* Data excerpts *

# # #

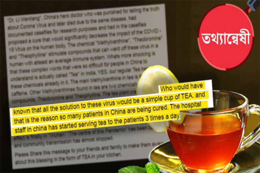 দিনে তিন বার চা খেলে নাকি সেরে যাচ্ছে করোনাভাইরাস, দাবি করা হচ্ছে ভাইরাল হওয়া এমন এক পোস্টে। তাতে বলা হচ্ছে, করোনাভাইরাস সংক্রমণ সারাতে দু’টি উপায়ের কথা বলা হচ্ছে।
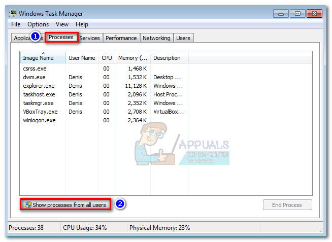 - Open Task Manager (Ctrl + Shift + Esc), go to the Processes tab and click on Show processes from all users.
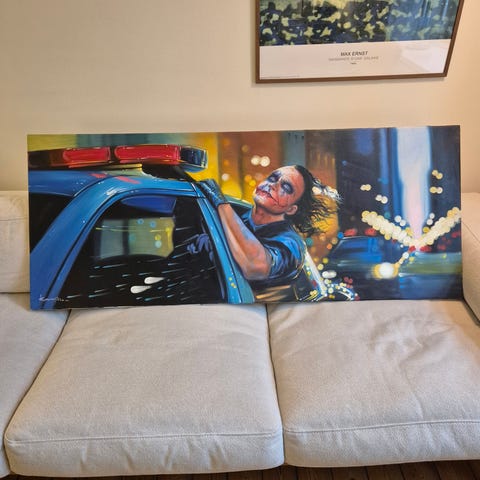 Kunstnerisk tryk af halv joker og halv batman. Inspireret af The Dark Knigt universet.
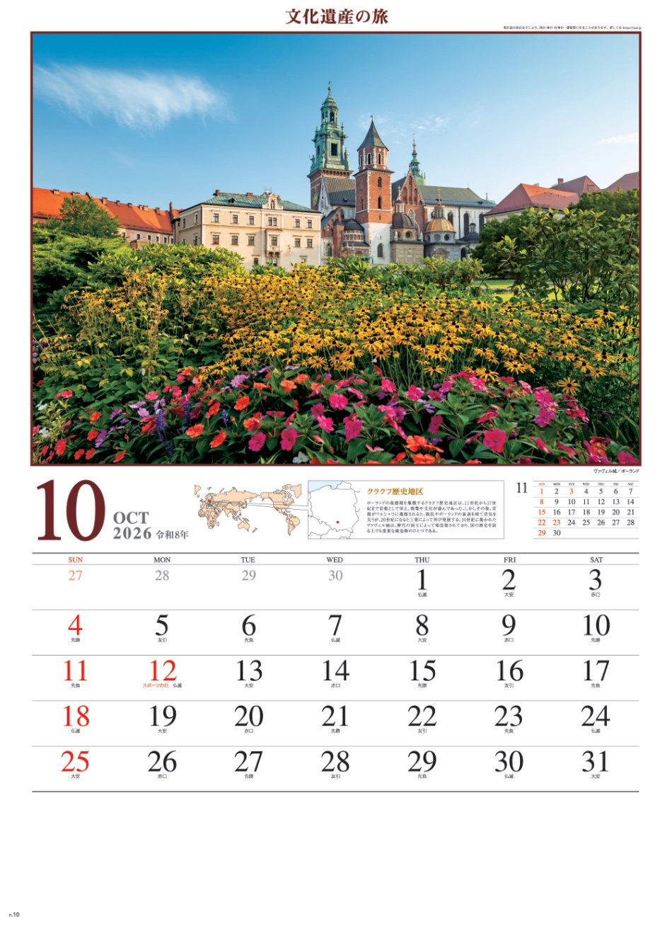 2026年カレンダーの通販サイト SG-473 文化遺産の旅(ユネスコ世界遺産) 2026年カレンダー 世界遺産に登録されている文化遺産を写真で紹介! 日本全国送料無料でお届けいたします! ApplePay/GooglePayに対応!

# # #

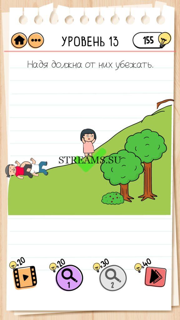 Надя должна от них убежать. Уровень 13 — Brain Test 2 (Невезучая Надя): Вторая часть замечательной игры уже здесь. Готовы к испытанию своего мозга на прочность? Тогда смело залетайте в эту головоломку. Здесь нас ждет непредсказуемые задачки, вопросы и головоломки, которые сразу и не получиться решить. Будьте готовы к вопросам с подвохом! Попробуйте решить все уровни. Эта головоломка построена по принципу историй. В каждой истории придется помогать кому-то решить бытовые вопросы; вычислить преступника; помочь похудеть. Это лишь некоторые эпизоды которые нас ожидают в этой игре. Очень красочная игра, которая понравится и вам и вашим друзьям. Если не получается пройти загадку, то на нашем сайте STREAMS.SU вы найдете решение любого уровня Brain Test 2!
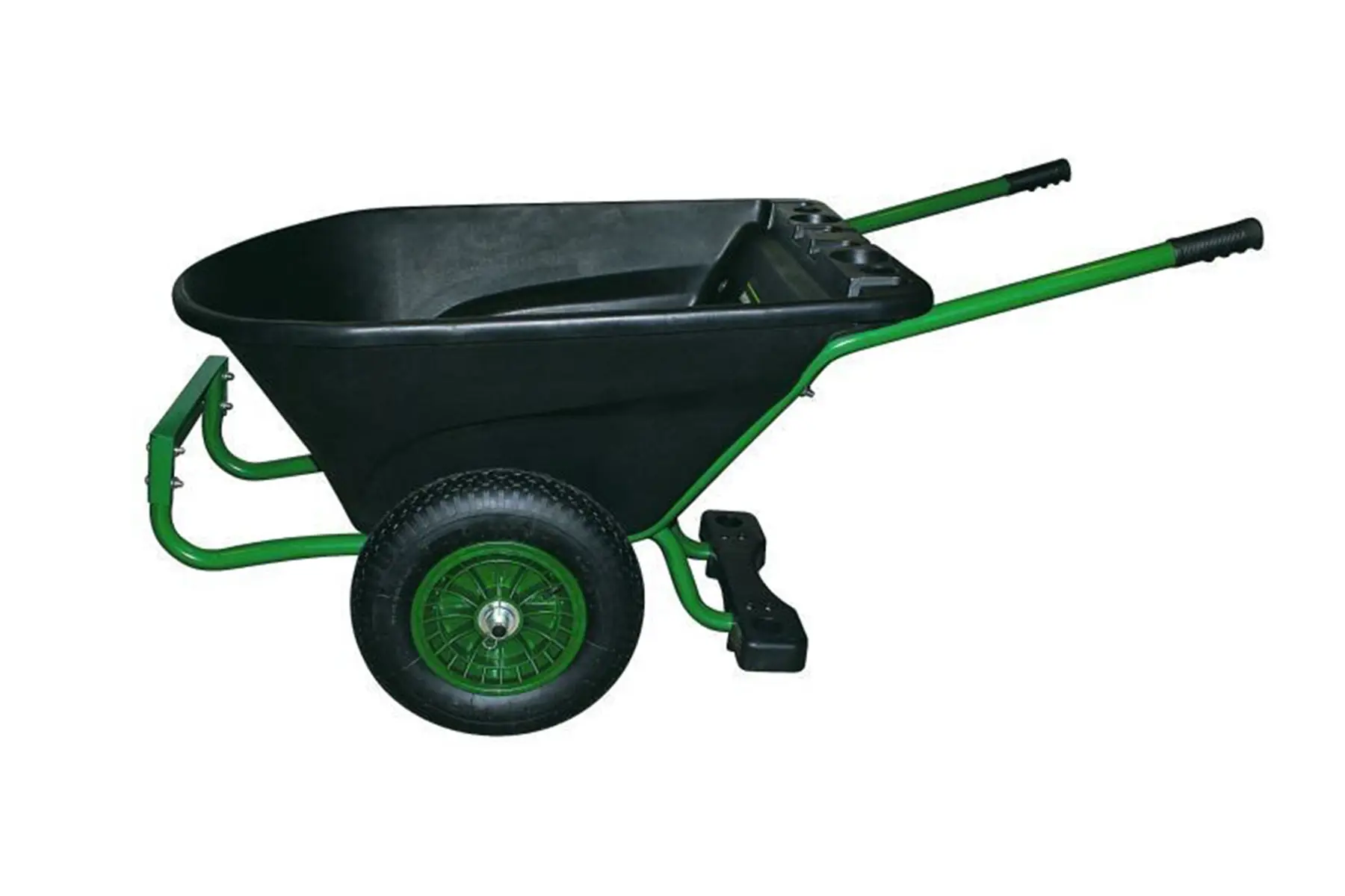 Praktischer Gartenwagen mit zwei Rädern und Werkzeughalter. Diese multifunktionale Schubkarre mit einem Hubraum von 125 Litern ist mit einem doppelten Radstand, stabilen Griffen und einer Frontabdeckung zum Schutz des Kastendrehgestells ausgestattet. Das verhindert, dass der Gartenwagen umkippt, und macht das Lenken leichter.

# # #

* Exercise prompt *
In the listing above, find the line with "দিনে তিন বার" and output every line through the one with "Kunstnerisk tryk af", exactly, without the pictures.

* Written answer *
 দিনে তিন বার চা খেলে নাকি সেরে যাচ্ছে করোনাভাইরাস, দাবি করা হচ্ছে ভাইরাল হওয়া এমন এক পোস্টে। তাতে বলা হচ্ছে, করোনাভাইরাস সংক্রমণ সারাতে দু’টি উপায়ের কথা বলা হচ্ছে।
 - Open Task Manager (Ctrl + Shift + Esc), go to the Processes tab and click on Show processes from all users.
 Kunstnerisk tryk af halv joker og halv batman. Inspireret af The Dark Knigt universet.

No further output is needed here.